How to complete this task
Only the text of the records belongs in the answer; the pictures must be dropped.

Records supplied

▼

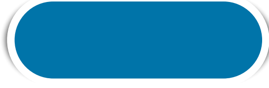
TURQUESA N° 133
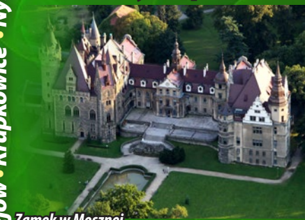
Zamek w Mosznej
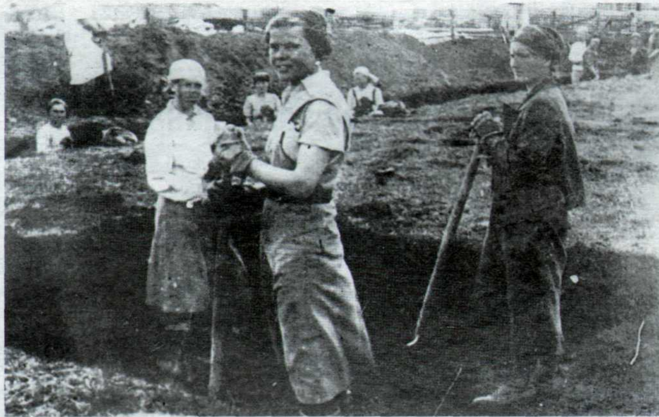
Большинство работ на стройке выполнялось вручную
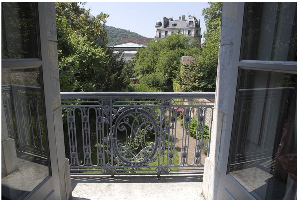
Hôtel en fond de cour : détail de la grille du balcon donnant sur le jardin, depuis l'intérieur.

25, Besançon Grande Rue 104, lieudit : îlot Granvelle
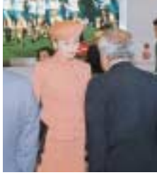
10月27日 寛仁親王妃信子殿下
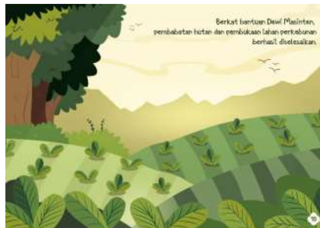
Gambar 5.13 Isi Halaman 10
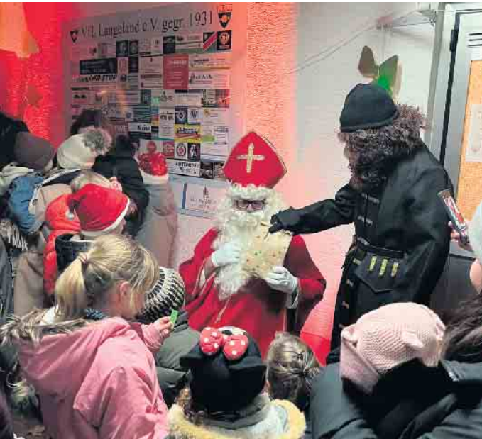
Für jedes Kind gab es eine Nikolaustüte

da und einige Kinder trugen etwas vor und begeisterten alle Anwesende. Beim gemeinsamen Tanzen und Singen hatten alle eine Menge Spaß, bevor die Kinder voller Erwartung ihre Nikolaustüten von dem selbigen entgegennahmen. Dann verließ der heilige Mann und der Knecht Ruprecht wieder den Sportplatz und der Abend klang in gemütlicher Runde aus.
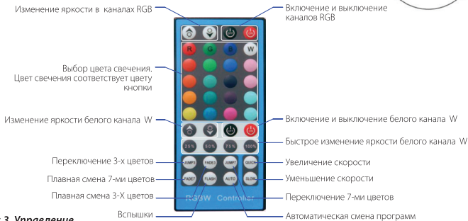
Рис.3. Управление контроллером.
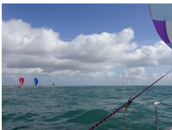
Arrivée à Lorient dans une régates de vieux gréements
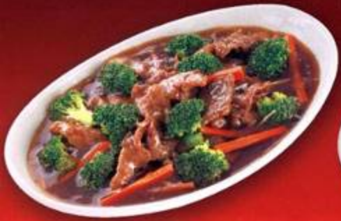
Beef with Broccoli

▲

Written response
TURQUESA N° 133
Zamek w Mosznej
Большинство работ на стройке выполнялось вручную
Hôtel en fond de cour : détail de la grille du balcon donnant sur le jardin, depuis l'intérieur.

25, Besançon Grande Rue 104, lieudit : îlot Granvelle
10月27日 寛仁親王妃信子殿下
Gambar 5.13 Isi Halaman 10
Für jedes Kind gab es eine Nikolaustüte

da und einige Kinder trugen etwas vor und begeisterten alle Anwesende. Beim gemeinsamen Tanzen und Singen hatten alle eine Menge Spaß, bevor die Kinder voller Erwartung ihre Nikolaustüten von dem selbigen entgegennahmen. Dann verließ der heilige Mann und der Knecht Ruprecht wieder den Sportplatz und der Abend klang in gemütlicher Runde aus.
Рис.3. Управление контроллером.
Arrivée à Lorient dans une régates de vieux gréements
Beef with Broccoli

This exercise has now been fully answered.